Jesus is very clear from the beginning, and does not intend to deceive anyone with false promises. We could interpret His words in this sense: “If you want to follow Me, you will no longer have an earthly home, nor will you be able to lay your head on the securities of this world. You will now be in the service of the mission entrusted to you”.

But in exchange for what you give up, you receive a new home, which remains forever: the Will of God. Wherever we are, whatever we do, as long as we live fulfilling God’s will we will feel deeply “at home”.

Also in the second example that today’s Gospel shows us, we can clearly see the primacy of the call. In this case, one of His disciples asks the Lord to allow him to go first to bury his father.
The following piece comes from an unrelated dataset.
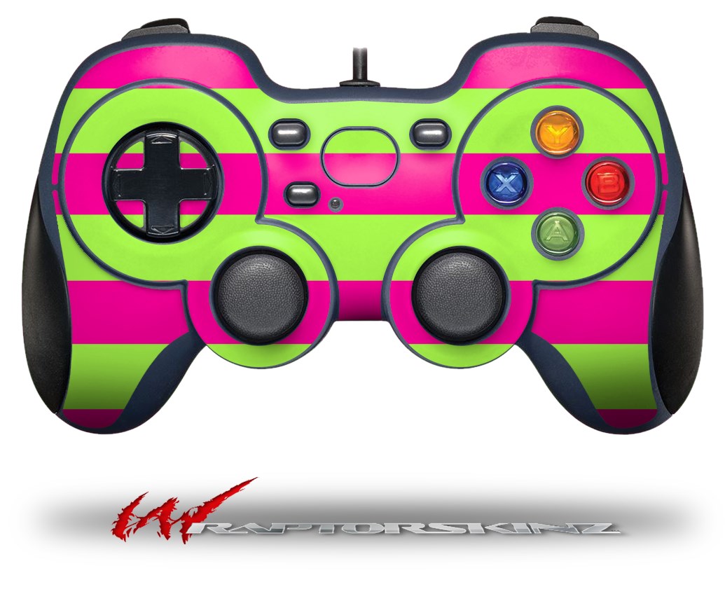 Psycho Stripes Neon Green and Hot Pink - Decal Style Skin fits Logitech F310 Gamepad Controller (CONTROLLER SOLD SEPARATELY)

This is a noble deed, which obeys the commandment to honor father and mother. However, there is something that transcends even the nobility of such a service; there is a calling that surpasses even the high commandment to honor parents: the following of Christ!
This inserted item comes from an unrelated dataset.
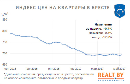 Мониторинг цен предложения квартир в Бресте за 29 мая — 5 июня 2017 года

Throughout the history of the Church, there were not a few cases of young people who entered into conflict after sensing the call to follow Christ unconditionally. Many encountered incomprehension – and even rejection – on the part of their parents and relatives. We know examples of how these calls had to be resisted, and sometimes it was even necessary to flee from the parental home. With this act, they overcame the first great test, showing that God’s call was more important to them than their parents’ home.

Those who undertake a deeper following of the Lord will not be exempt from similar trials. Many times they will have to overcome feelings of guilt with respect to those close to them who do not understand or accept what they are doing. This is a challenge that is not easy to overcome.

But if the call is authentic, we will receive all the help of the One who calls us, so that we can take this step of detachment.

The person must understand deeply how important it is to follow God’s call. The time of our life is limited. This is the time in which we can act and make the right decisions, so that our life may bear as much fruit as possible for the Kingdom of God. We cannot remain asleep before this divine ‘Kairos’! St. Paul advises us to make good use of the present time (cf. Eph 5:16).

If a person feels a call from God, he should follow it, having sought the advice of a good spiritual guide.

It is extremely important that there be vocations in the Church who put their whole life at the service of God, leaving everything behind for the sake of Jesus. Parents, friends and relatives are invited to support this vocation, without letting themselves be carried away by the pain of ‘loss’. Nothing is lost if it is given to God! Could there be anything better for children than to follow God’s call and find their happiness in it?